Celle-ci avait vu son frère aussi tôt que la veille de son décès. Elle affirme ne pas avoir remarqué de changement dans ses comportements dans la dernière année.

Pierre Coriolan qu’elle voyait «à chaque deux, trois semaines» n’était «pas un homme méchant», a-t-elle martelé devant le coroner.

Mêmes échos chez son autre soeur, Yolande, entendue mardi. Si son frère était quelqu’un de «réservé», il était «toujours là» pour elle.

«C’est lui qui a sauvé ma vie après Dieu», a-t-elle raconté, faisant référence à un épisode de maladie qu’elle aurait vécu dans les années 1990. Alors chauffeur de taxi, Pierre Coriolan l’aurait accompagnée dans son véhicule jusqu’à l’hôpital.

Les avocats des policiers et de la Ville de Montréal ont pour leur part profité du passage de Mme Coriolan pour l’interroger sur sa famille, ses fréquentations. S’ils se connaissaient bien, pourquoi M. Coriolan ne parlait-il pas plus souvent de sa fille, Christelle, ont-ils demandé?

Ils ont également interrogé les témoins sur le mode de vie de M. Coriolan, sans emploi.
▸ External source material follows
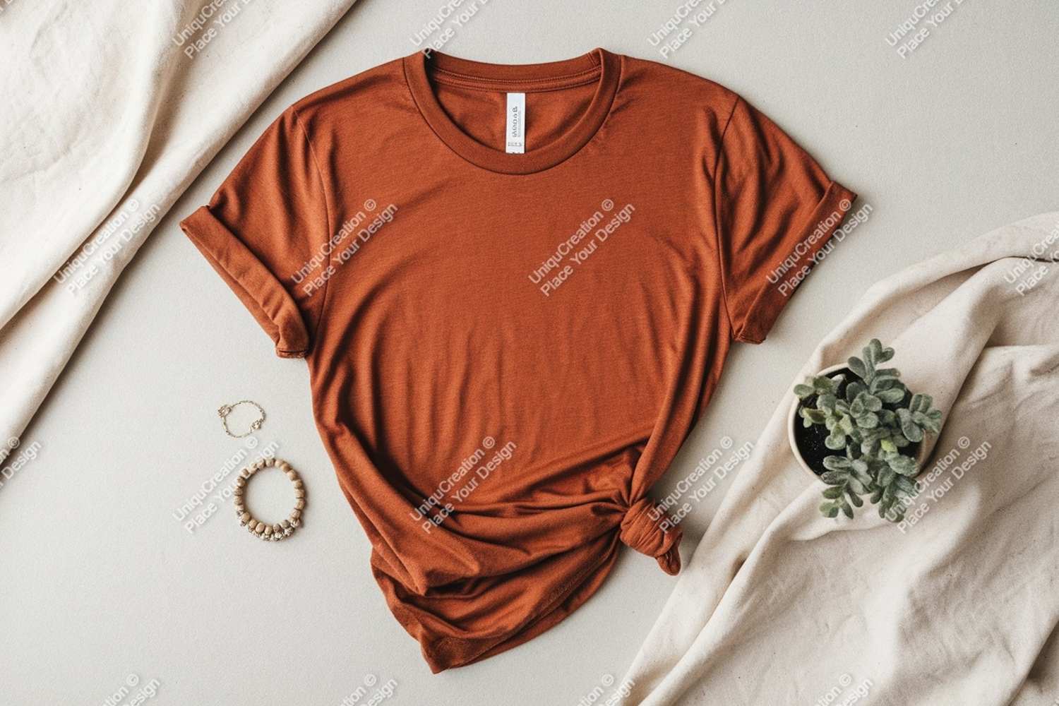 Terracotta tee with plant and jewelry shirt t-shirt example image 1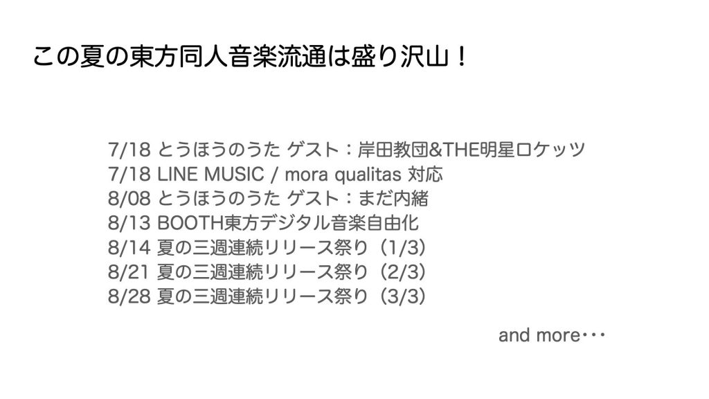来週末、そして8月にも行われる配信番組「とうほうのうた」を含めて、夏の東方同人音楽流通は企画が目白押し!今までに見たことのない「東方の夏」になりそうです!

M. Coriolan avait-il vécu une chute libre dans les mois précédant son décès qui pouvait expliquer sa détresse le soir du 27 juin, ont-ils renchérit.

Épisode de détresse

Au moment de sa mort, M. Coriolan vivait un épisode de détresse. Dans un témoignage récolté par le BEI et présenté à la cour, un intervenant de la Fédération des OSBL d’habitation de Montréal, Jean-Philippe Tremblay, affirme avoir discuté avec M. Coriolan dans les années précédent son décès. Il décrit un homme «poli et respectueux, pas agressif».
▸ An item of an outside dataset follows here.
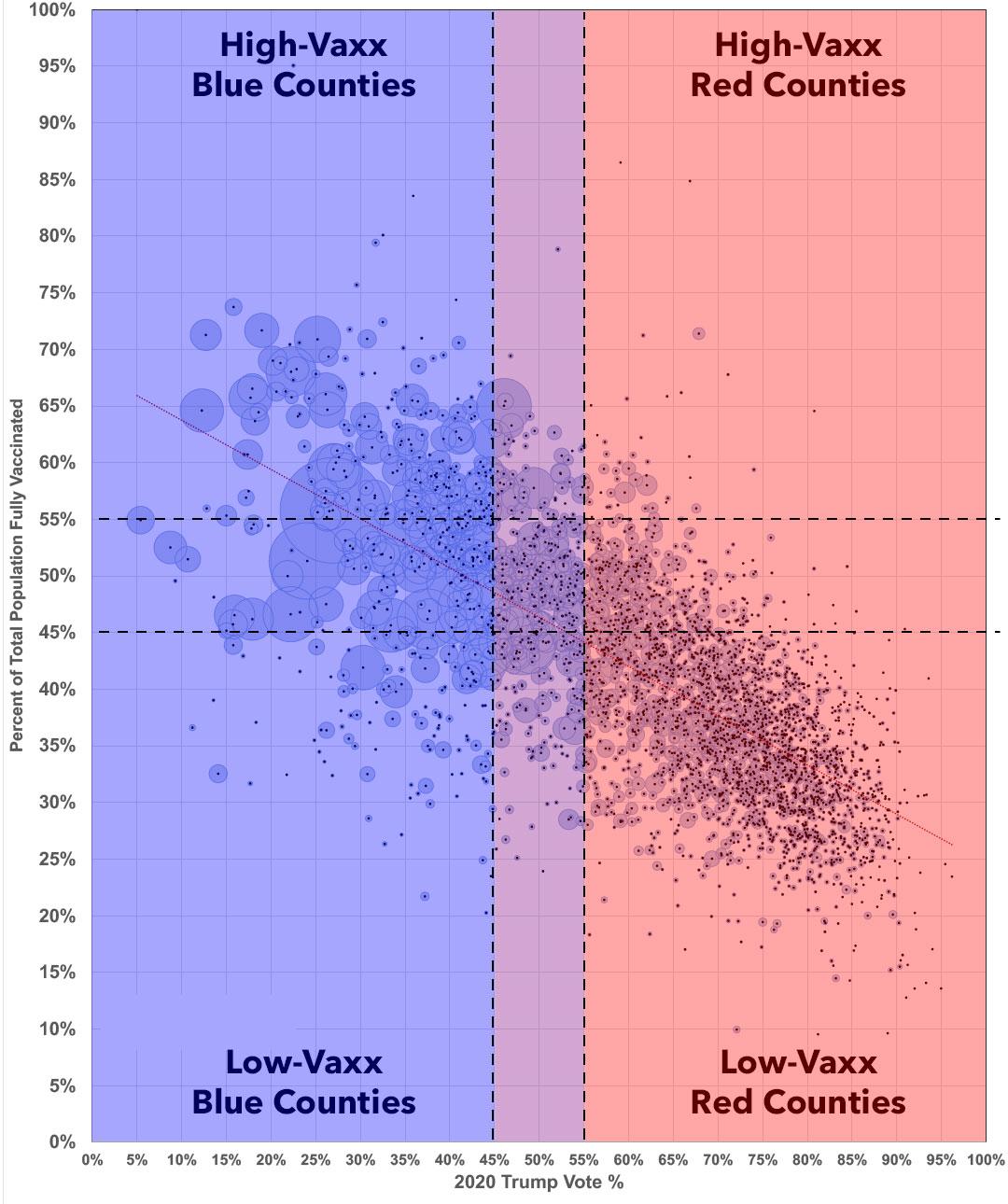 - 2,103 counties were "low-vaxx Red" (<45% vaxxed, > 55% Trump) as of 7/21

Selon lui, toutefois, des locataires de l’immeuble à logements où vivait M. Coriolan avaient précédemment déposé des plaintes pour «comportement dérangeant» de la part de l’homme de 58 ans.
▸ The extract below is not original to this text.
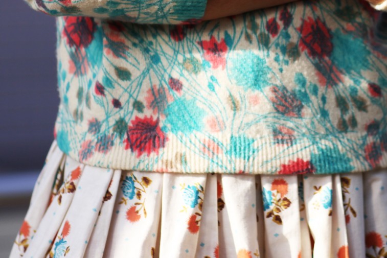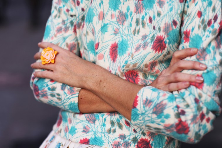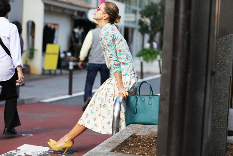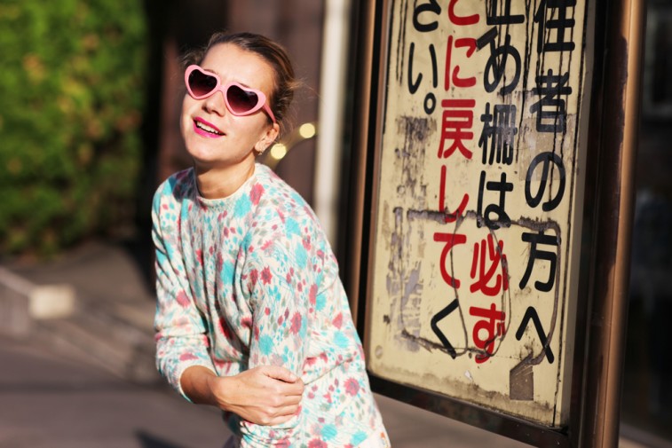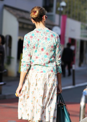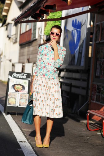 Street Peeper and I decided to do a little shoot on my first day off. He caught me on the back streets of Omotesando Hills in a wildflower vintage sweater, rose print vintage skirt skirt and a pair of heart shaped pink sunglasses I just bought. My mom got both pieces for me last week, the sweater first, at Artists and Fleas in Williamsburg. And when we saw the skirt two hours later, at the Chelsea Garage, we thought the ‘non-matching matchiness’ was too good to pass up. It’s pretty dead-on. And you recognize my yellow suede Aldo pumps and cobalt Prada bag…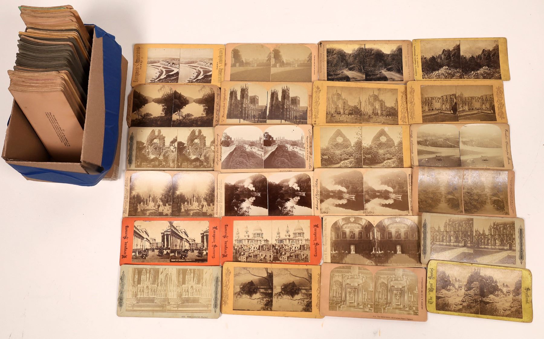 Lot of over 90 stereo view cards circa 1890-1910 from Ireland, Scotland and England. Keystone cards are excellent quality, the older cards are good to fair. State: City: Date: Provenance:

L’un des voisins de M. Coriolan, Luc White, a aussi témoigné mardi. «Quand il sautait sa coche, je l’entendais», a-t-il dit de son voisin du haut. Mais quand il croisait M. Coriolan dans l’appartement, le témoin n’a jamais eu peur, a-t-il avancé.

«Il n’était pas agressif», a signalé M. White.

Lundi, une experte-toxicologue avait soutenu qu’un «taux thérapeutique élevé» de cocaïne avait été repéré dans le sang de M. Coriolan à sa mort. Lizaline et Yolande Coriolan soutiennent qu’elles n’avaient aucune connaissance de problèmes de consommation chez leur frère.

Sept détonations

Un expert en balistique, Gilbert Desjardins, avait lui aussi témoigné au Palais plus tôt mardi matin afin de reconstituer le déroulement de la scène.

Selon lui, les policiers présents ont déchargé sept tirs – de pistolet, de lance-grenades et de fusil à impulsion électrique – en 25 secondes au troisième étage de l’immeuble de la rue Robillard où Pierre Coriolan s’est fait abattre.

Parmi ces coups de feu, trois tirs de pistolet en moins d’une seconde.

Les audiences devant le coroner se poursuivront au moins jusqu’à la semaine prochaine, à Montréal.